Four deaths and 350 adverse events lead to US recall of heparin

Janice Hopkins Tanne 1
PMCID: PMC2249657  PMID: 18292159

Baxter Healthcare Corporation, which provides half the supply of heparin in the United States, recalled multidose vials of heparin sodium last month after four deaths and 350 reports of adverse events, 40% of which were serious.

More than one million multidose vials are sold each month in the US, and half of them are produced by Baxter, the US Food and Drug Administration said. The source of the heparin, which is made from pig intestines, was imported from China. The FDA said it had not inspected the Chinese plant that produced it.

The initial recall of heparin last month involved nine lots of multidose vials. Since then, Baxter has received reports of adverse reactions with other lots, the company said. Baxter and the FDA are investigating the problem.

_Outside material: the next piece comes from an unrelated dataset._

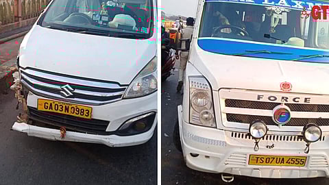 A source said that the impact of the collision was such that the front wheels of both the vehicles were locked, and they got stuck in the middle of the road blocking the traffic movement from both the sides of the old Zuari Bridge during peak hours.
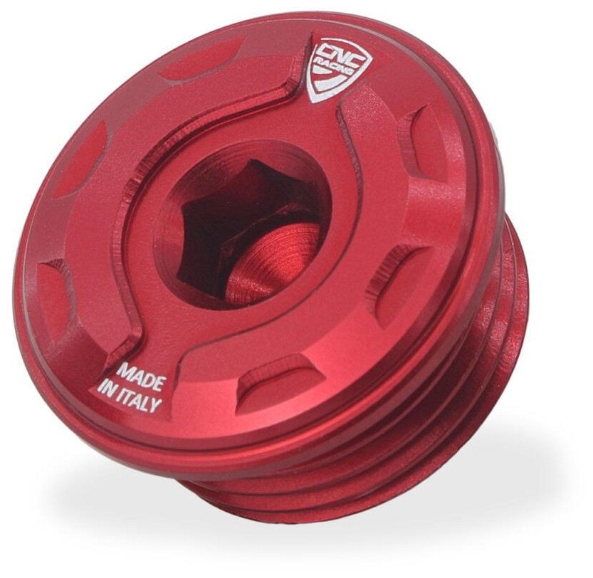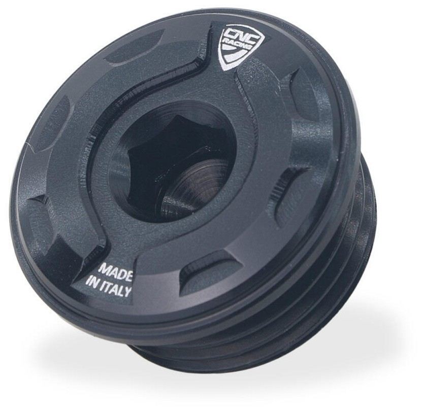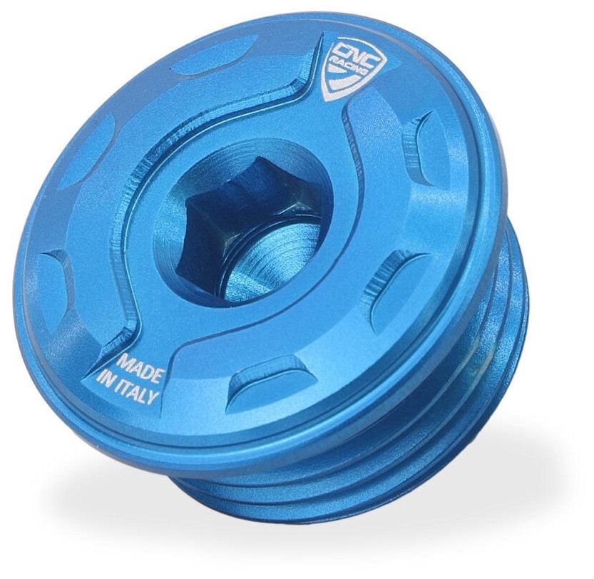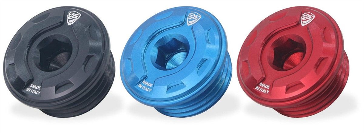 Oil filler cap machined from light alloy billet and then given an anodized surface finish. It replaces the stock plastic part, enhancing the look of the engine.

A report in the New York Times said that a manufacturing facility in China, Changzhou SPL, which produced the ingredient for heparin, does not have a Chinese drug licence, although it has not been accused of providing a harmful product (www.nytimes.com, 16 Feb, “China didn’t check drug supplier, files show”). The article said that the plant has no drug certification, so the Chinese drug agency did not inspect it, and the FDA said it had not inspected the plant either, “a violation of its own policy.”

Attempts to reach Changzhou SPL were directed to Scientific Protein Laboratories in Waunakee, Wisconsin. As the BMJ went to press the company had not returned the BMJ’s telephone calls. Scientific Protein’s website says that Changzhou SPL is one of its manufacturing sites. The website states, “Heparin Sodium USP, produced at this site, was approved by the FDA in 2004 under a US NDA [new drug application] for import and use in the United States.”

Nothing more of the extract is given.